• **Aim of the exercise**:
The first line of the entries is where the copy starts and the line with "I JUST RAN - Ivette" is where it ends; set down each line exactly, both ends included, and drop pictures.

----- Input data

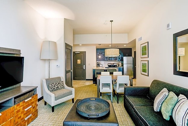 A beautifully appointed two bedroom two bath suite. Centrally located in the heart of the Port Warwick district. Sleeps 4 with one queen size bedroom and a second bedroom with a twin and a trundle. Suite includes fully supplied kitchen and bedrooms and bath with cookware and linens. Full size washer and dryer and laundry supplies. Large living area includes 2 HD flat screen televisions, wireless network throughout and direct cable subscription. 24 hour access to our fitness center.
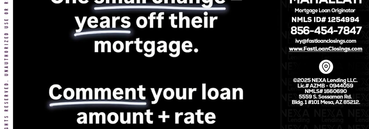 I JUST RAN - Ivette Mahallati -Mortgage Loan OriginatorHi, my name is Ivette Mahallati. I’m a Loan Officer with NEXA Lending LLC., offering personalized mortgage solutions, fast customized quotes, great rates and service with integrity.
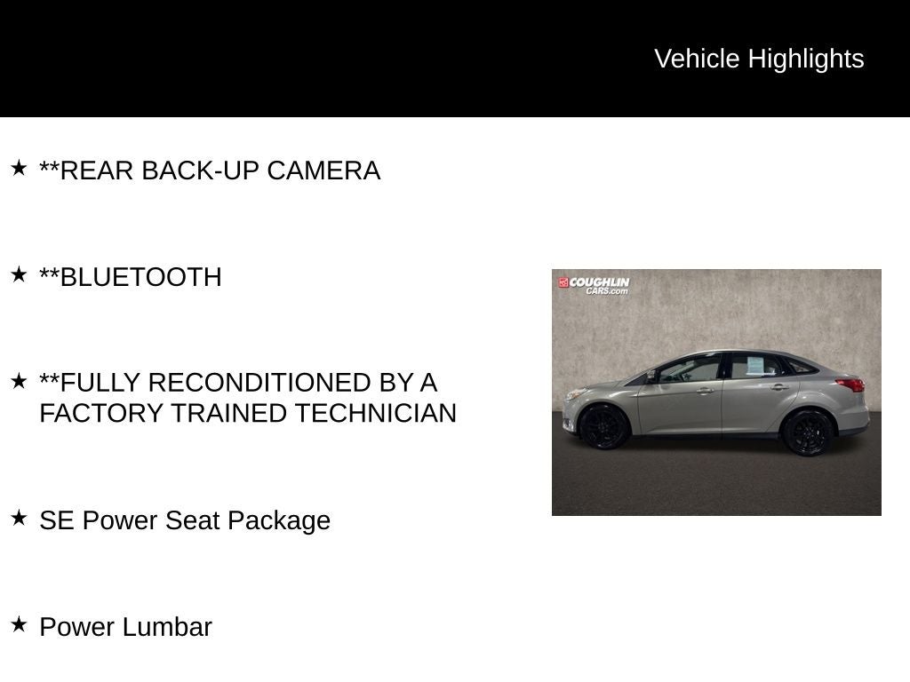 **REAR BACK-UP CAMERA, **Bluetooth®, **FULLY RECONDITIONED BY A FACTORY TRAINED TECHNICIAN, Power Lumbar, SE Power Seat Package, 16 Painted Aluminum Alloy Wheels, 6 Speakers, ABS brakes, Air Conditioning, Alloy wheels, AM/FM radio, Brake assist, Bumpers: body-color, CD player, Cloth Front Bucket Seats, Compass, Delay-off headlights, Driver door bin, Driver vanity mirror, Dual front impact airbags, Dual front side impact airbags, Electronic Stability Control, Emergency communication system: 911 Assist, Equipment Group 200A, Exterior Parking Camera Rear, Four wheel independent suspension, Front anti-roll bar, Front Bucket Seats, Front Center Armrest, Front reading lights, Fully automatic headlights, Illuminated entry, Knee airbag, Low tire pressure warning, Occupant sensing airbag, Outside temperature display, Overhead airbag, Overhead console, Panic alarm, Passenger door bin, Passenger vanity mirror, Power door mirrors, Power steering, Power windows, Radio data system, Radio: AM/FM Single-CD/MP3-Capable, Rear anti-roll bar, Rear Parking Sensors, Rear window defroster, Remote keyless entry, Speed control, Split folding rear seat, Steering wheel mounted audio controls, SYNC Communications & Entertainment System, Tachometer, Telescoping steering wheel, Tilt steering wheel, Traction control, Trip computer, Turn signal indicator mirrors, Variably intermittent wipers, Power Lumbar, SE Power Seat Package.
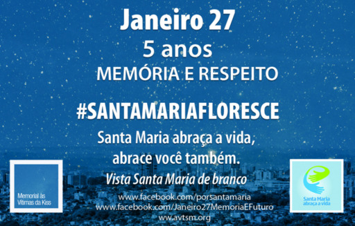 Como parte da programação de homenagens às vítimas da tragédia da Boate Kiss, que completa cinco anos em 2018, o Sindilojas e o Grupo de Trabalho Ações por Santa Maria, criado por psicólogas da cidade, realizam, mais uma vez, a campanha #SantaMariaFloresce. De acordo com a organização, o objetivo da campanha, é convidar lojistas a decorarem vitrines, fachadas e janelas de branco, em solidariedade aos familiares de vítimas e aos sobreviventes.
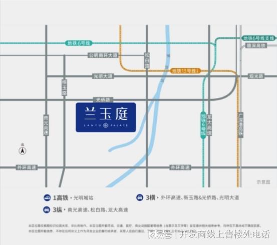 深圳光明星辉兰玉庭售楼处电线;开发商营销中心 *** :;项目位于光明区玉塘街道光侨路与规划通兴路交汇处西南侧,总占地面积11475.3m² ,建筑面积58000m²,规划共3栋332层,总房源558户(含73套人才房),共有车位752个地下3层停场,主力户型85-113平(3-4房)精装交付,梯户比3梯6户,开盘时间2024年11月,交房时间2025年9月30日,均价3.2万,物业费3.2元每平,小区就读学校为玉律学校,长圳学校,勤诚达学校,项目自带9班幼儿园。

----------

• **The answer**:
 A beautifully appointed two bedroom two bath suite. Centrally located in the heart of the Port Warwick district. Sleeps 4 with one queen size bedroom and a second bedroom with a twin and a trundle. Suite includes fully supplied kitchen and bedrooms and bath with cookware and linens. Full size washer and dryer and laundry supplies. Large living area includes 2 HD flat screen televisions, wireless network throughout and direct cable subscription. 24 hour access to our fitness center.
 I JUST RAN - Ivette Mahallati -Mortgage Loan OriginatorHi, my name is Ivette Mahallati. I’m a Loan Officer with NEXA Lending LLC., offering personalized mortgage solutions, fast customized quotes, great rates and service with integrity.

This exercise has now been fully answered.